- Open Access
Big Data analysis on autopilot?
BioData Miningvolume 6, Article number: 22 (2013)
Biomedical sciences, especially fields such as genomics, are becoming Big Data fields, driven, to a large extent, simply by the ability to generate enormous data sets. For fields such as biology, where data has traditionally been small, the influx of Big Data, noise and all, has caused a need to rapidly shift research practices. Ways of dealing with these data have led to importing collaborators from statistics, computer science, and physics. However, these new “biologists” are simply not biologists and classically trained biologists are not “Big Data researchers”. The confluence of these fields unfortunately has not led to the improvement of biological understanding via what should be synergy, but to a completely unfortunate shifted landscape of research. The new landscape involves Big Data use that reductionist biologists can comprehend quickly. Simply put, it has become the use of Big Data with a reductionist twist, or performing mostly reductionist analyses of Big Data. Of course, reductionism has been extremely fruitful in unraveling mechanisms for many key biological processes, but the translation of these processes into understanding of complex phenotypes, such as common human disease, has been less simple.

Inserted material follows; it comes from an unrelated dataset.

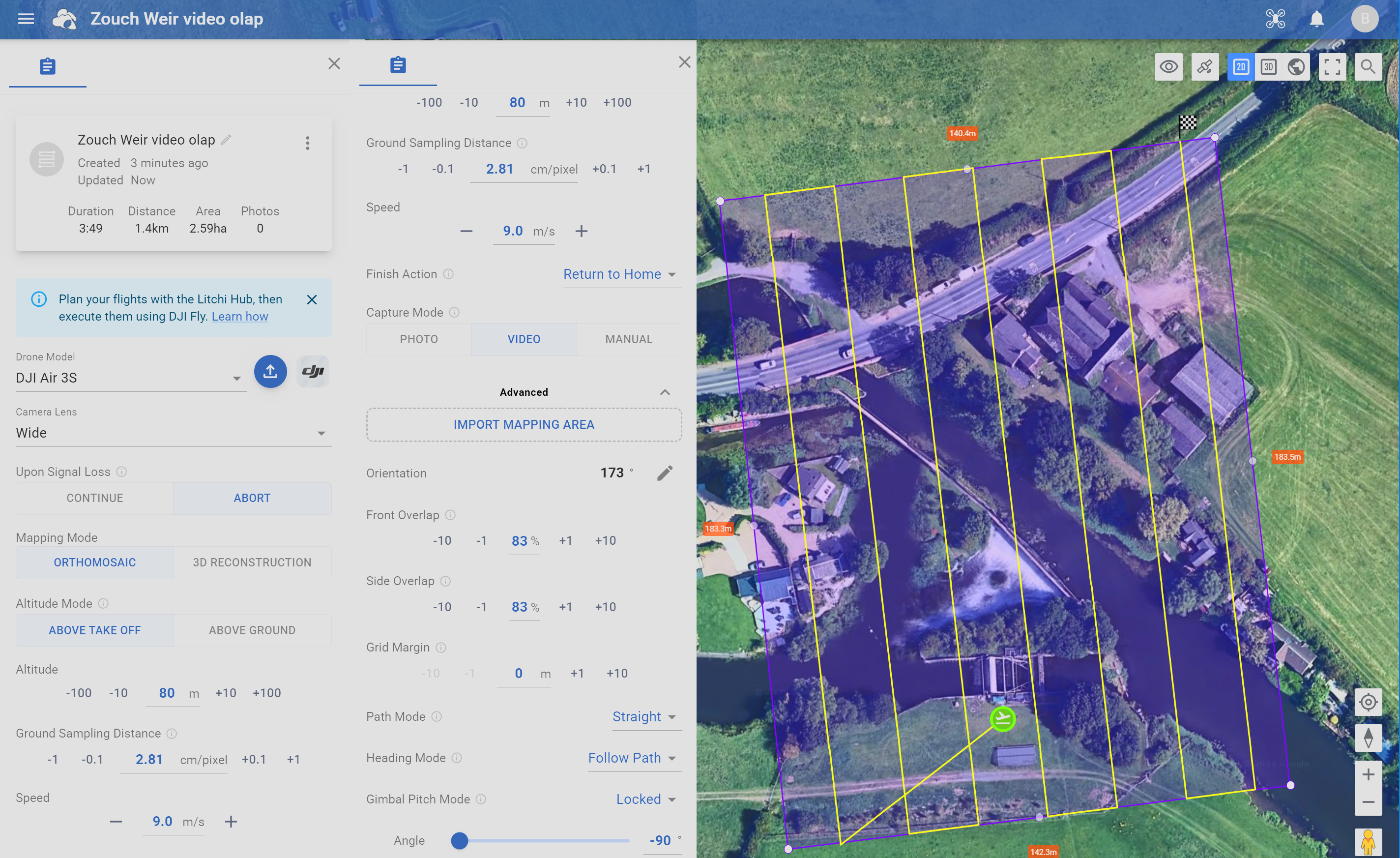 I identified four possibilities and to standardise the test I flew a Litchi waypoints mission at a favourite site and used its output to feed the modellers. I prefer Litchi because it flies a straight line where I want it to, rather than the wibbly-wobbly DJI routes:

So instead of cleverly and creatively using Big Data to filter noise from signal, and to understand inherently complex biological problems, the world of Big Data biology has effectively taken the lowest common denominator between Big Data and biology. In other words analyses have been reduced to simple outputs that can be readily interpreted using traditional mindsets. We have reduced the use of Big Data to analyses and interpretation that is often the equivalent of being on autopilot.
Autopilot, especially of large commercial planes, has many advantages for normal flight, making the pilot’s job easier. However, as recently seen there are limits to its pervasive implementation – not the least of which is the distancing of the pilot from the real control and understanding of flight. Under normal, uncomplicated flight, this is not an issue, but when emergencies or unusual difficulties occur the dependence on autopilot has the unintended consequence of diminishing pilot reaction to complex flight conditions. Such problems arise under conditions such as those of Air France flight 447 over the Atlantic, when the plane’s autopilot “suddenly disengaged and a stall warning activated. The senior co-pilot then said: “What’s happening? I don’t know, I don’t know what’s happening ”. In reaction, the co-pilot pulled the nose up – exactly opposite to what should be done. The pilot responded, but too late, and the plane crashed into the ocean killing all 228 people onboard. Simply, the co-pilot was lulled into complacency by dependence on an automated process.
In Big Data biology we may have been similarly lulled by the plug and play analytical programs that are generally applied in the literature. Instead, the real issue should be: what is useful data and how do we extract it from the haystack of large-scale data? As a field, biology has too often developed and embraced standard analytical methods and presentations that do not attempt to understand complexity, but instead remove uniqueness of a given trait where it needs to remain. These approaches have resulted in too much science on autopilot, where the scientists only touch the controls at the last minute or upon landing of the study, and machines do all of the rest. This has often resulted in our ability to use Big Data to rediscover truths known for decades when investigators had to be creatively engaged in the collection, analyses and thoughtful interpretation of data.
This is not to say that having lots of data and very smart people around is bad, it only means that we need to refocus how we approach the Big Data that will certainly be collected, using clever analyses and synergy between those who can analyze it this way and those who understand the phenotypes and biological processes that these data represent. BioData Mining can serve as a vortex for this kind of research and we hope to engage diverse cohorts of researchers to do so.
From ABC News broadcast August 31, 2011.